The importance of considering digital cultures of gender and sexuality
further, and a key reason for this issue, is due to a number of
developments. First, more people than ever are participating with
digital cultures due to social media. However, the nature of this
participation is complicated, mutable and in no way uniform. Second, the
sophistication of the devices, infrastructures, functions and interfaces
presented by social media to users is, without welcoming in
technological determinism, arguably becoming greater.  Moreover, this
sophistication is at the same time both visible and invisible depending
upon a range of considerations – such as levels of digital literacy,
commercial interests, algorithmic programming, politics and power.
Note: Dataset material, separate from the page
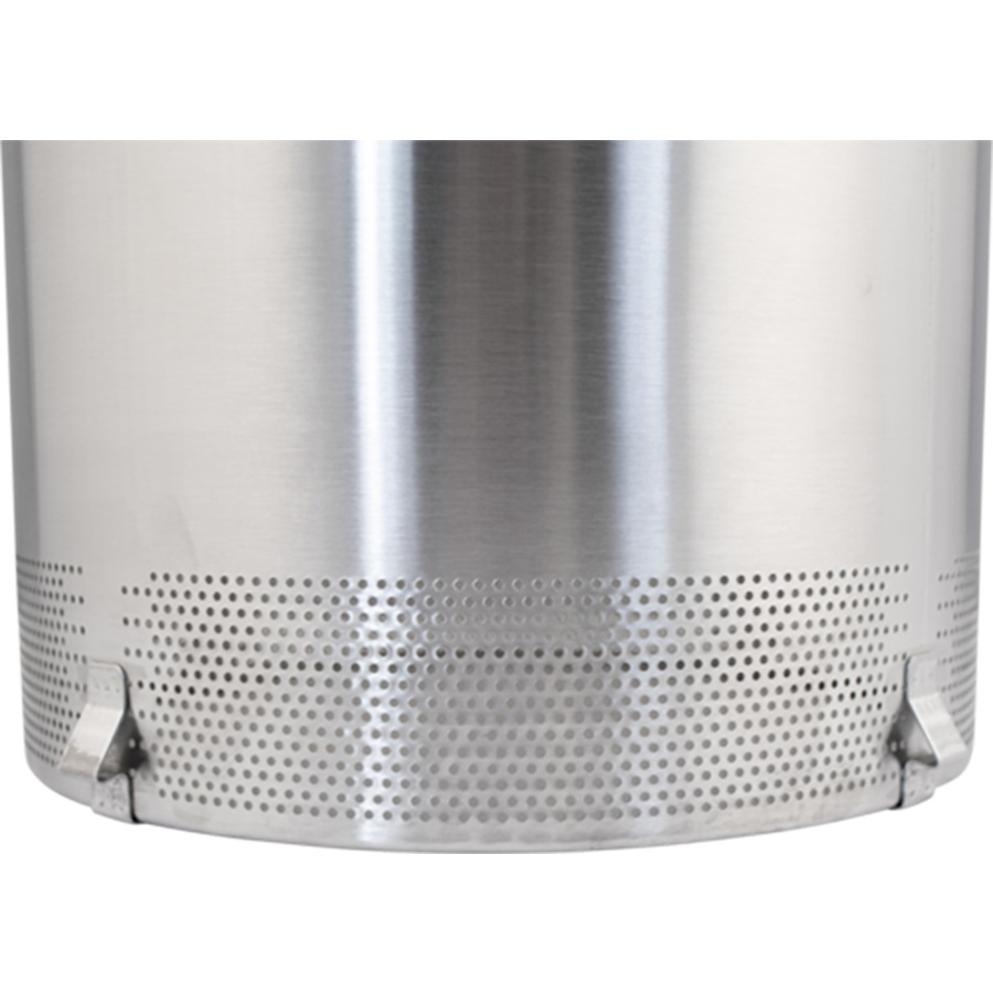 Other features on the BrewZilla malt pipe include the middle row of feet and perforated bottom. By adding a second row of feet to the malt pipe, you can remove it from the boiler in two stages. Take it to the middle row of feet for the initial lift, wait for the wort to drain, then lift it all the way out to completely drain the malt pipe and begin sparging. The malt pipe features a perforated section at the bottom which improves mash recirculation flow without sacrificing efficiency.

This special issue seeks to further interrogate questions of the
contemporary making of digital cultures of gender and sexuality with
social media.  Whilst difference-based approaches to understanding the
gendered make up of social media users and audiences have been
addressed, this issue focuses upon the ways in which gender and
sexuality are constructed and circulated with and by this media.
Possible topics might include:

  *

    Identity

  *

    Harassment, discrimination, and cyberbullying

  *

    Activism, resistance, and reappropriation

  *

    Cultures and communities

  *

    Commodification and political economies

  *

    Inscription and regulation of gender and sexuality by software

  *

    Circulation of gender and sexuality based controversies

  *

    Pornography

  *

    Digitally mediated dating and personal relationships

  *

    Sexual health and wellbeing

  *

    Intersections of gender and sexuality with age, ethnicity,
    (dis)ability, etc.

Abstracts of 250 words should be submitted to Ben Light
((ben.light /at/ qut.edu.au) <mailto:(ben.light /at/ qut.edu.au)>) by 1 June  2015.
Where appropriate, please nominate an author for correspondence. On the
basis of these short abstracts, invitations to submit full papers (of no
more than 8000 words) will then be sent out by 14 June 2015. Full papers
will be due by 31 August 2015, and will undergo the usual Social Media
and Society review procedure. Please note that an invitation to submit a
full paper for review does not guarantee paper acceptance.